▶ _PROBLEM TO WORK ON_: Print the lines exactly. Start at the first line of the material below, end with the line that contains "Cafeiteira de prensa", and skip all pictures.

▶ _SOURCE DATA_:
== Segment start ==

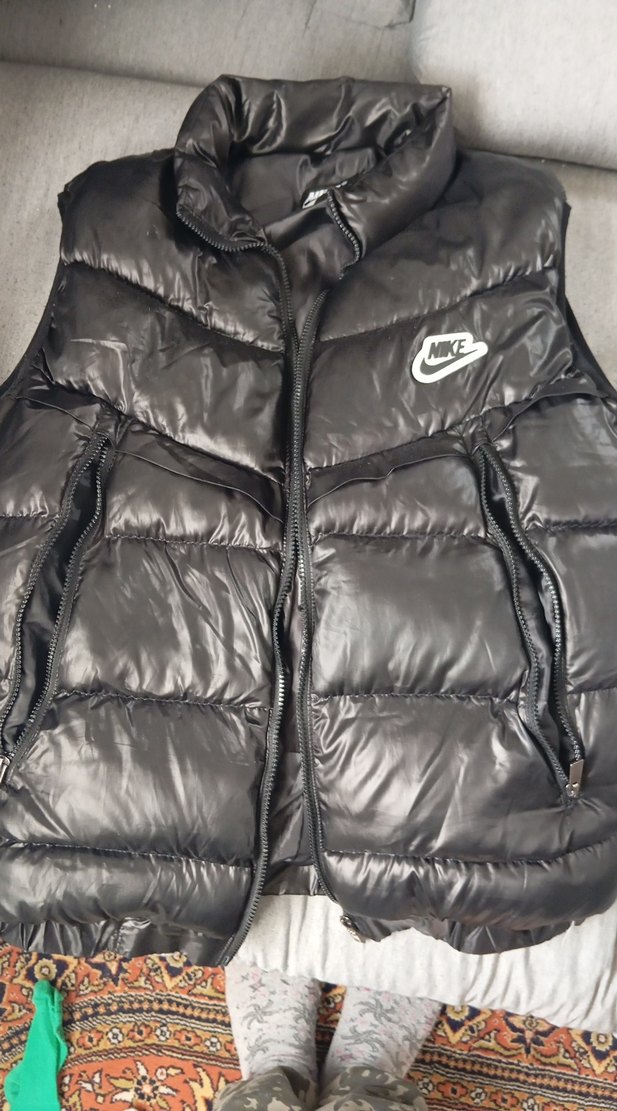 Sıfır ayarındadır Nike marka siyah şişme yelek, yüksek yakalı ve fermuarlı ceplidir. Spor ve şık bir görünüm sunar.
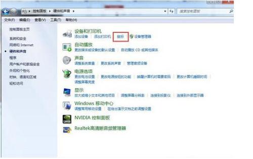 ②在“硬件和聲音”窗口,點擊進去后,找到“鼠標”。
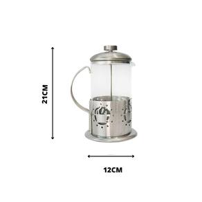 Cafeiteira de prensa francesa em inox com copo de vidro, alça em inox com detalhes na parte que envolve o copo estamapada. O modelo de prensa francesa é muito sofisticado e facilita na preparação de inúmera bebidas, não apenas o café. Ideal também para capuccinos, cremes, leite cremoso, chocolates e demais bebidas de acordo com seu gosto e preferência.
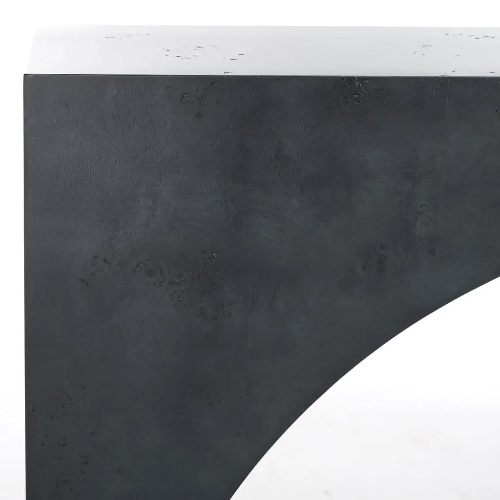 Bring any corner to life with the warmth and grace of our Quinlee console table. The refined and stately profile of our console is updated with rich organic textures. Its minimalist design highlights an eye-catching arch to add architectural grace to any room. Covered in the rich textures of burled Mappa wood veneer, it attains a stunning visual impact. Adding elegance and luxe warmth to your home, our console table makes a stunning statement in an entryway, living space, or bedroom.

== Segment end ==

▶ _ANSWER SPACE_:
 Sıfır ayarındadır Nike marka siyah şişme yelek, yüksek yakalı ve fermuarlı ceplidir. Spor ve şık bir görünüm sunar.
 ②在“硬件和聲音”窗口,點擊進去后,找到“鼠標”。
 Cafeiteira de prensa francesa em inox com copo de vidro, alça em inox com detalhes na parte que envolve o copo estamapada. O modelo de prensa francesa é muito sofisticado e facilita na preparação de inúmera bebidas, não apenas o café. Ideal também para capuccinos, cremes, leite cremoso, chocolates e demais bebidas de acordo com seu gosto e preferência.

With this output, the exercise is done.